# Which 21700?



## CJB85 (19/5/20)

I bought a Dovpo Topside Lite and want to take advantage of the 21700 capability.
I will probably only ever run builds around the .3 single coil range, so nothing hectic.
Should I be looking at the 40T's with more amperage, or the 30T's with more potential battery life?

Reactions: Like 2


----------



## Christos (19/5/20)

CJB85 said:


> I bought a Dovpo Topside Lite and want to take advantage of the 21700 capability.
> I will probably only ever run builds around the .3 single coil range, so nothing hectic.
> Should I be looking at the 40T's with more amperage, or the 30T's with more potential battery life?


The 40T's are my preferred 21700's. The 30T's have a higher amp rating but less mah.
I run the 40T's with a 0.25 ohm build and I get 11 ml out of each battery.

Reactions: Like 2 | Can relate 1 | Informative 1


----------



## Silo (19/5/20)

I have used 40T's they were great, I just got a 30T in, on charge now.

I suspect the 40T's will last longer, they weren't weak either. Will let you know how the 30T was tomorrow. Will be mixing and testing tonight.

Reactions: Like 2


----------



## CJB85 (19/5/20)

Christos said:


> The 40T's are my preferred 21700's. The 30T's have a higher amp rating but less mah.
> I run the 40T's with a 0.25 ohm build and I get 11 ml out of each battery.

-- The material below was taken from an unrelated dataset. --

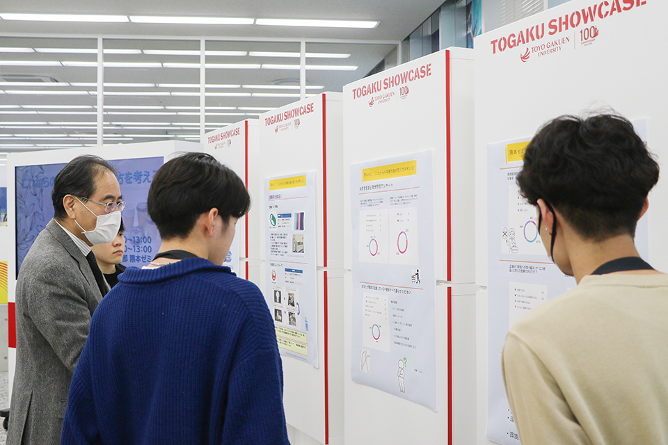 会場となった1号館1階の「TOGAKU SHOWCASE」には、隈本ゼミの研究成果をまとめたポスター展示が。

Oh yes, damn these old eyes. I got the two mixed up.
40T it is then!
I see the prices vary quite a bit, what is a decent price for them, R220-R240 a shot?

Reactions: Like 1


----------



## Silo (19/5/20)

Don't think you will find ones for much less than that.

Reactions: Like 1


----------



## Christos (19/5/20)

CJB85 said:


> Oh yes, damn these old eyes. I got the two mixed up.
> 40T it is then!
> I see the prices vary quite a bit, what is a decent price for them, R220-R240 a shot?


I think i picked them up for R120 at Vapecon 2019.  I use them the most though so I will probably need another 10 soon.

Reactions: Like 3


----------



## StephanKuhn (23/11/20)

Also looking at getting a Topside Lite after my Topside Dual Battery latch broke. I am vaping a Pyro V3 dual build, running 0.17 Ohm at 50 watt. Will the 40T last compared to the 2 30Q samsungs im using now?

Reactions: Like 2


----------



## Dela Rey Steyn (23/11/20)

StephanKuhn said:


> Also looking at getting a Topside Lite after my Topside Dual Battery latch broke. I am vaping a Pyro V3 dual build, running 0.17 Ohm at 50 watt. Will the 40T last compared to the 2 30Q samsungs im using now?



It will be less, as 2x 30q gives you roughly 6000mah capacity when used together and the 40T has a capacity of 4000mah.

Reactions: Like 2


----------



## Puff the Magic Dragon (23/11/20)

A lot of vapers rate the 2100 Molicel highly.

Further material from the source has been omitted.